Thanks to DNS resolvers, the DNS resolution process is organized efficiently, unnecessary queries are reduced, and users are consistently connected to the correct website with speed and reliability.

5. How does the DNS resolution process work?

When you enter www.example.com nto a browser, the DNS resolution process typically follows these steps:

1. The browser sends a request to the DNS recursor: The browser or operating system sends a domain resolution request to the DNS recursor. This server acts as an intermediary and is responsible for finding the corresponding IP address for the domain entered by the user.
2. The DNS recursor queries the root name server: If the DNS recursor does not have the information available in its cache, it sends a query to the root name server. The root server does not return an IP address directly but instead provides guidance on where to look next.
3. The root server points to the TLD name server (.com): The root name server responds with the address of the appropriate TLD name server based on the domain extension, such as .com, .vn or.org, allowing the search to continue.
4. The TLD server points to the authoritative name server: The TLD name server identifies and returns the address of the authoritative name server that directly manages the domain example.com.
5. The authoritative server returns the IP address: The authoritative name server checks the domain’s DNS records and returns the exact IP address to the DNS recursor. This is the final result of the resolution process.
6. The browser uses the IP address to load the website: The DNS recursor sends the IP address back to the browser, which then connects to the web server and loads the website content for the user.

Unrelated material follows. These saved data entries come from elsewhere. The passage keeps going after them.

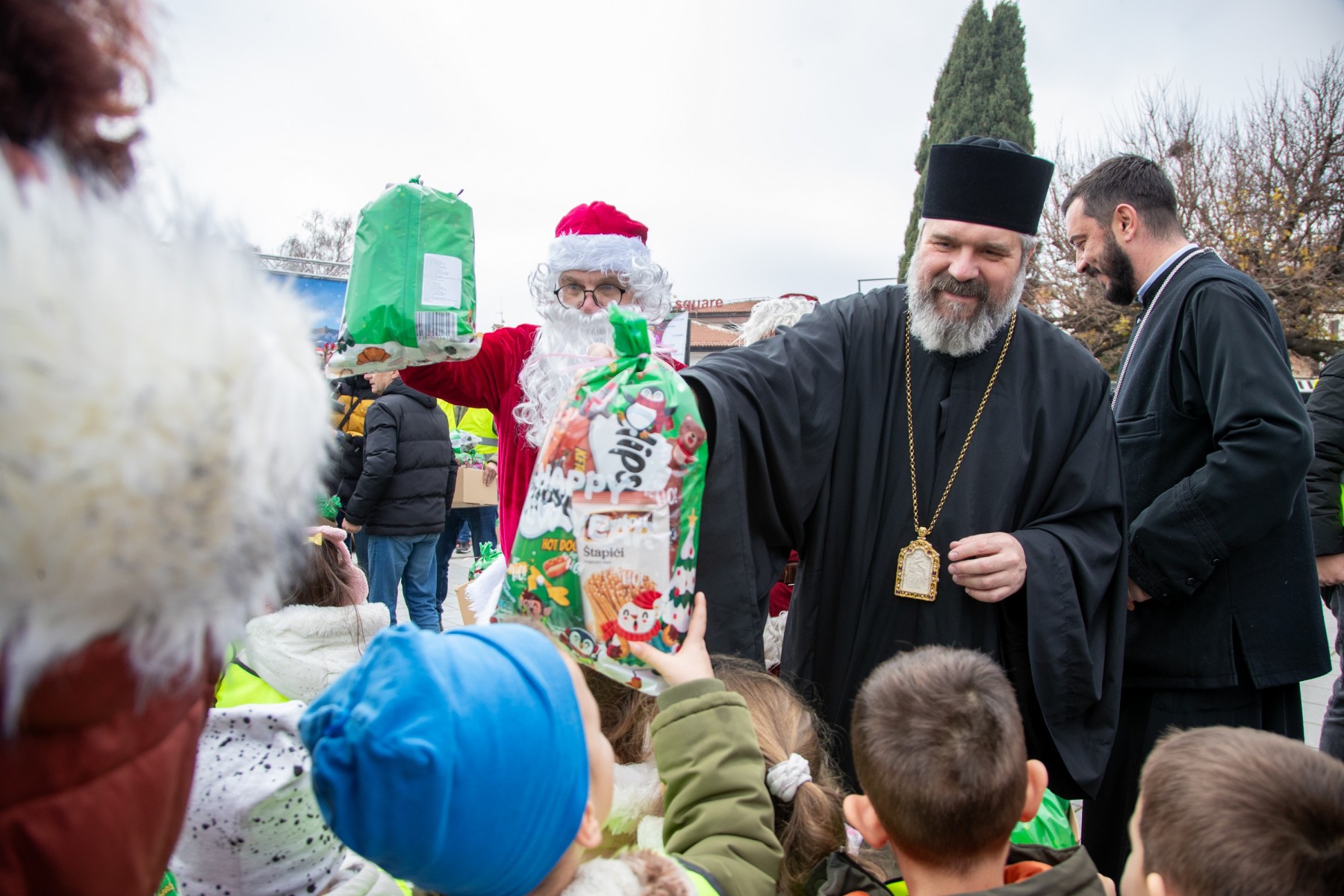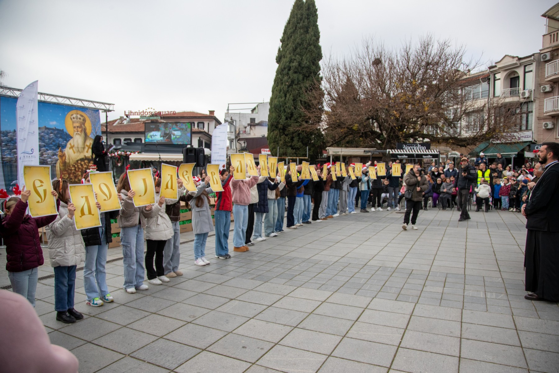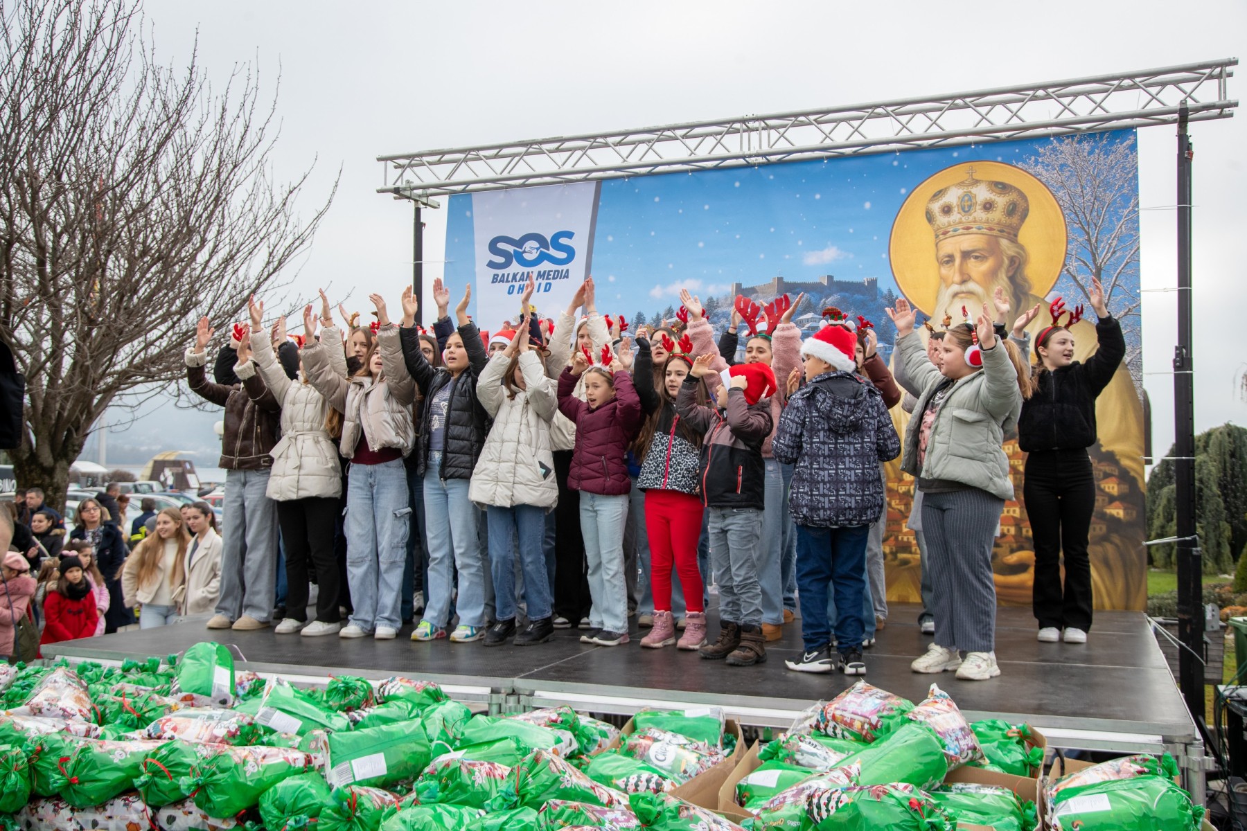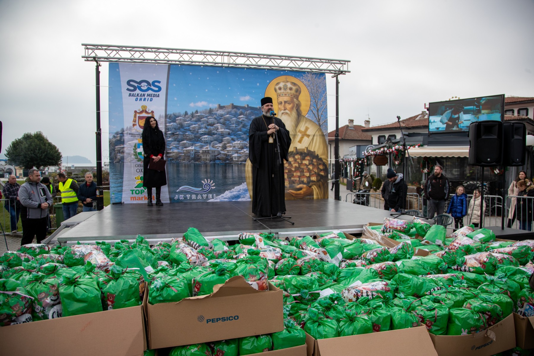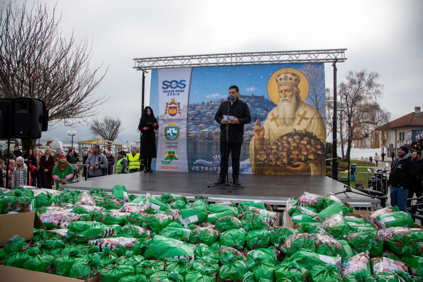 Над 3500 новогодишни пакетчиња беа поделени денеска на Градскиот плоштад „Свети Климент Охридски“ во рамки на големата хуманитарна манифестација организирана од Здружението за еднаква застапеност на лица со посебни потреби во медиумите „СОС Балкан Медиа“, со поддршка на Општина Охрид, Дебарско-Кичевската епархија и општествено одговорни компании.
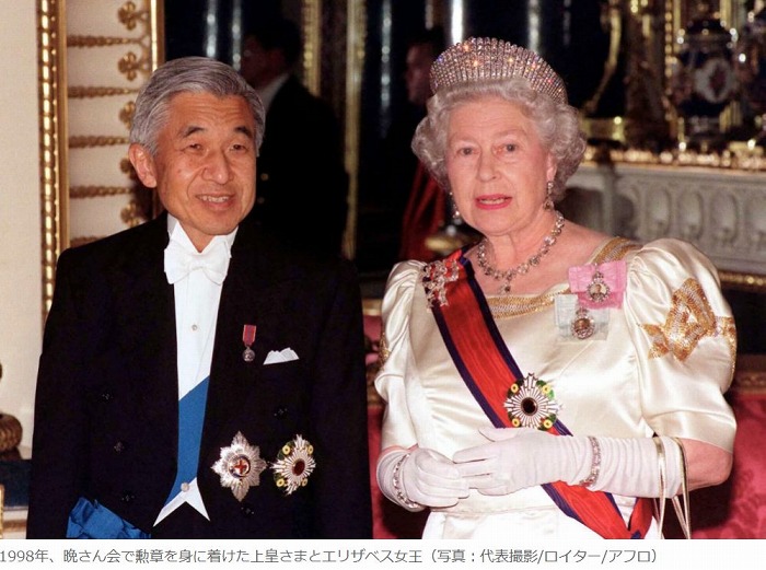 で、未だに病気療養中と書かれ、主治医で精神科医の大野裕氏も随行と書かれているのに、イギリスまで行ってチャールズ国王主催の晩餐会にも出るんですよね、なのに答礼晩餐会、あるいは答礼コンサートとか、そういう事は無しで(笑)天皇皇后夫妻、大したものです。
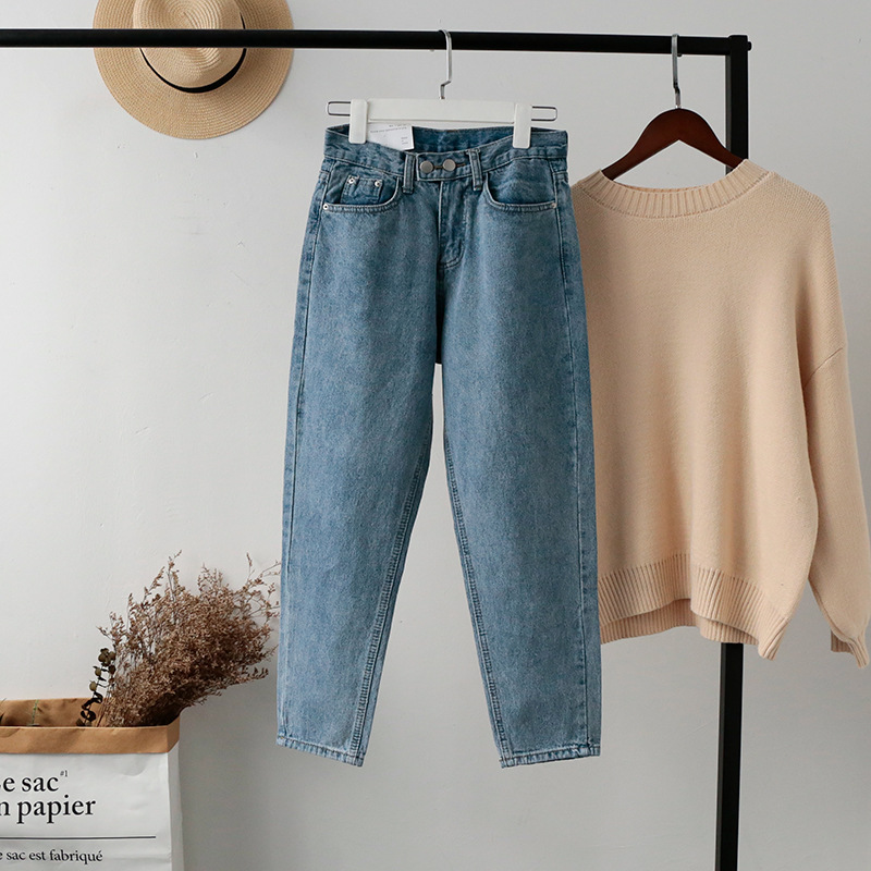 [比正]復古港味九分直筒牛仔褲女 秋冬新款休閑顯瘦哈倫褲潮9891
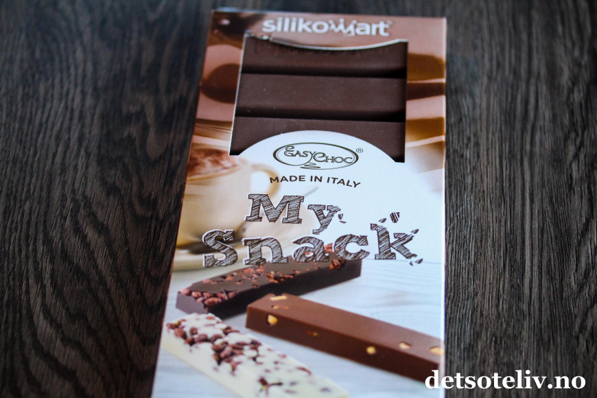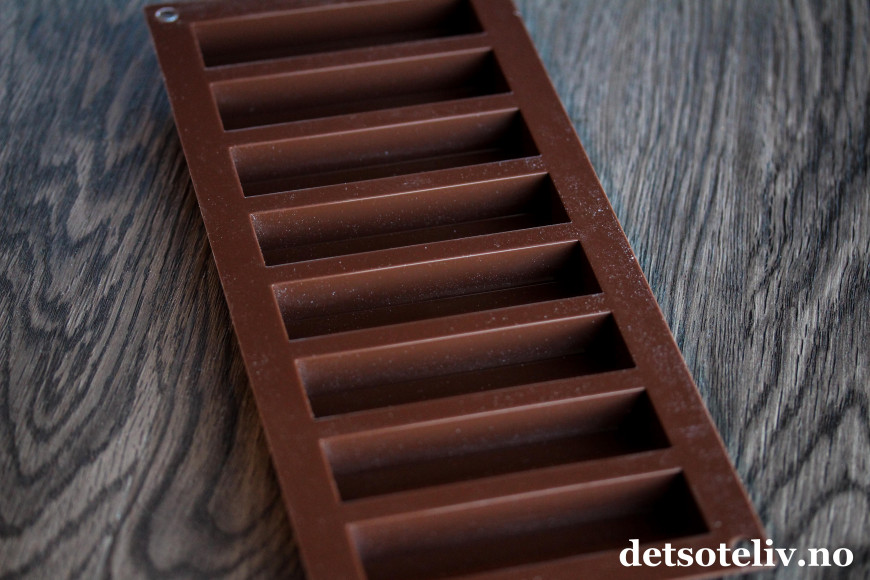 Jeg har brukt en kjempefin silikonform fra SilikoMart som gir avlange sjokoladebrød i passe stor "snack-størrelse".
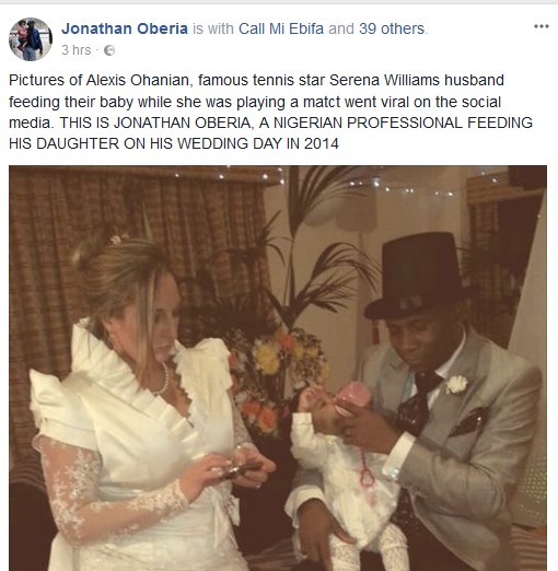 Pictures of Alexis Ohanian, famous tennis star Serena Williams husband feeding their baby while she was playing a match went viral on the social media. THIS IS JONATHAN OBERIA, A NIGERIAN PROFESSIONAL FEEDING HIS DAUGHTER ON HIS WEDDING DAY IN 2014..
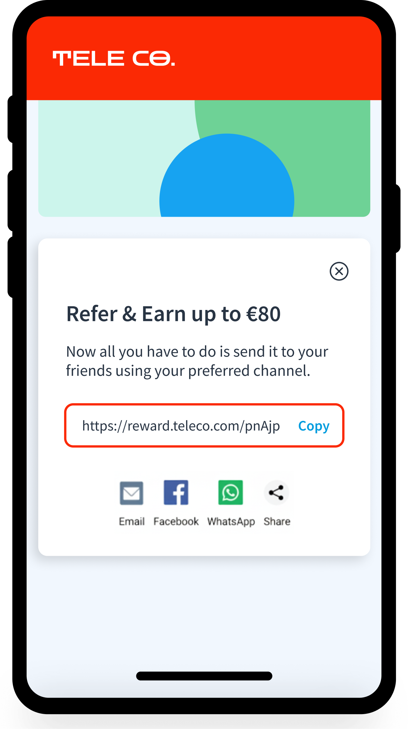 Add the referral link in-app, for example in a “Refer a friend” or “Rewards” section. - Loyalty or rewards pages
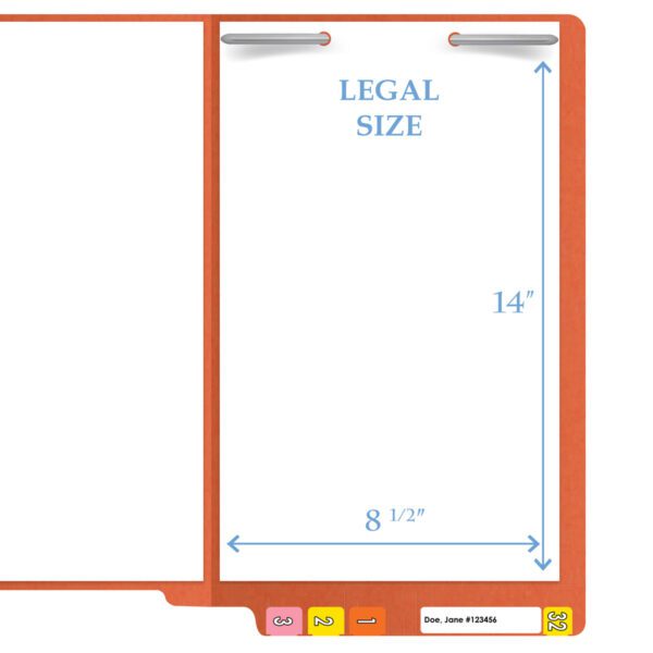 These orange legal size color folders can be used to categorize your documents and are easily found on your shelves. The 14 pt orange heavy duty color stock will last longer than standard 11 pt stock. This folder also includes a reinforced, or 2 ply end tab for even additional durability. This full cut end tab, with scored label placement marks, will provide a location to add end tab color filing labels that will be easily visible in shelf filing systems. THESE FOLDERS WILL NOT FIT IN FILE DRAWERS. The bottom of this folder is scored to be easily folded to provide up to 3/4″ expansion. This folder includes a heat bonded fasteners which keeps the front and back of the folder from catching in clothing, documents, or even fingernails and cuticles. These folders contain 10% recycled content with 10% post-consumer material.
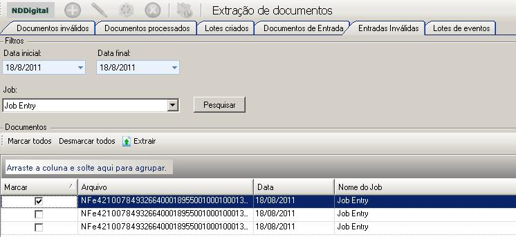Selecione o documento que deseja extrair do banco e em seguida clique em Extrair para selecionar o diretório onde o arquivo será salvo.
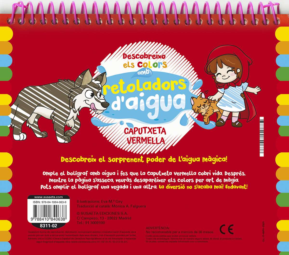 Descobreix el sorprenent poder de l'aigua màgica! Omple el bolígraf amb aigua i fes que la Caputxeta Vermella cobri vida. Després, mentre la pàgina s'asseca, veuràs desaparèixer els colors per art de màgia. Pots omplir el bolígraf una vegada i una altra. La diversió no s'acaba mai! Endavant!
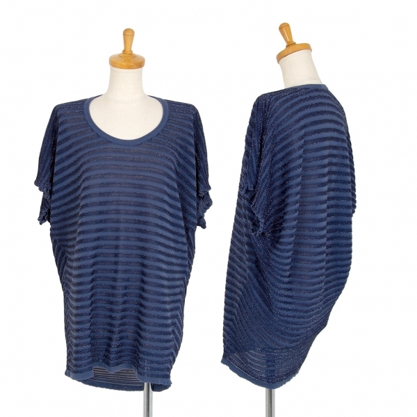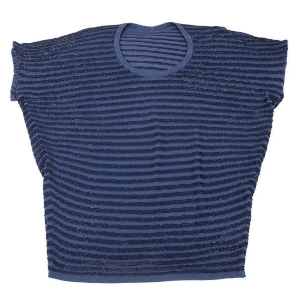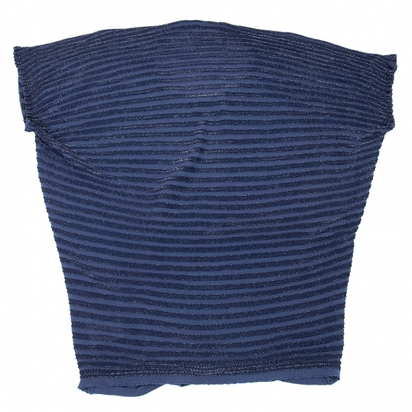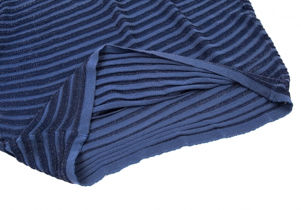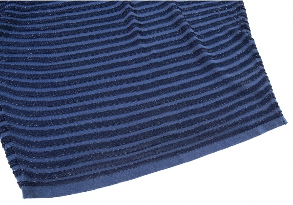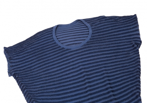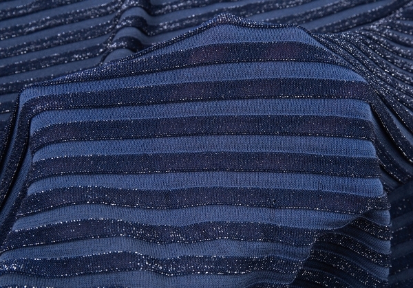 | プリーツプリーズPLEATS PLEASE ボーダー織りラメニットチュニック 紺3 |
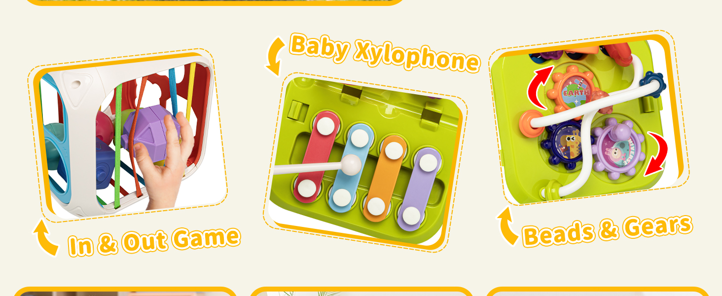 - 7-in-1 Montessori Toys for 1+ Year Old – In-out game with elastic rope, sorting and stacking, sensory pull string, baby xylophone, rotating beads and gears. BPA free.
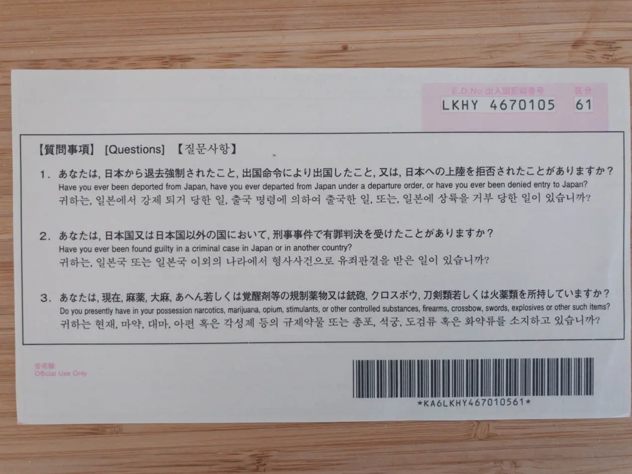 Ab der Passkontrolle verlässt du Japan nun offiziell. Lege dem Beamten deinen Reisepass und deine Zairyu-Karte vor. Sage dem Beamten, dass du das Land endgültig verlässt. Er wird dann deinen Aufenthalt offiziell im System abmelden. Möchtest du die Karte behalten, solltest du das dem Beamten mitteilen. Die Karte wird dann gelocht und damit entwertet, und du kannst sie mit nach Hause nehmen.

This entire process takes only a few milliseconds. Thanks to this hierarchical DNS resolution model, browsers consistently locate the correct server in a very short time, enabling near instant website access without users noticing the technical steps happening behind the scenes.

6. Common types of DNS queries

During DNS resolution, the system uses different types of queries to balance accuracy and response speed. The three most common DNS query types include:

• Recursive query: With a recursive query, the client (browser or operating system) requires the DNS resolver to return the final result, meaning the exact IP address of the domain or an error if it cannot be found. The user does not need to be aware of the intermediate steps involved.
• Iterative query: In an iterative query, each DNS server responds with the best information it has, usually a reference to the next DNS server in the hierarchy. The DNS resolver follows these referrals until it obtains the final result.
• Non recursive query: A non recursive query occurs when the DNS server or DNS resolver already has the required information in its cache (cache memory) or is the authoritative server for the domain. In this case, the result is returned immediately without further queries.

The flexible combination of recursive, iterative, and non recursive queries allows the DNS system to maintain accuracy while optimizing response times for Internet users.

7. What is DNS cache? Why does DNS improve access speed?

In practice, not every DNS query needs to go through all stages from the root name server to the authoritative name server. To reduce repetitive queries and shorten response time, the DNS system relies on an important mechanism known as DNS cache.

DNS cache (DNS cache memory) is a mechanism that temporarily stores the results of domain name resolution into IP addresses for a specific period, defined by TTL (Time To Live). While the TTL remains valid, the system reuses the cached result instead of performing a new DNS query.

DNS cache can exist at multiple layers of Internet access, including:

• Web browsers: Browsers commonly store DNS cache to quickly handle repeated visits. When users reopen a previously visited website, the browser can immediately use the cached DNS information without sending an external request.
• Operating systems: The operating system acts as an intermediary between applications and the Internet. DNS cache at the OS level allows multiple applications on the same device to share DNS resolution results, reducing the total number of queries.
• ISP DNS servers: DNS servers operated by Internet service providers also maintain DNS cache to serve many users simultaneously. As a result, popular queries can be answered quickly without querying higher level DNS servers.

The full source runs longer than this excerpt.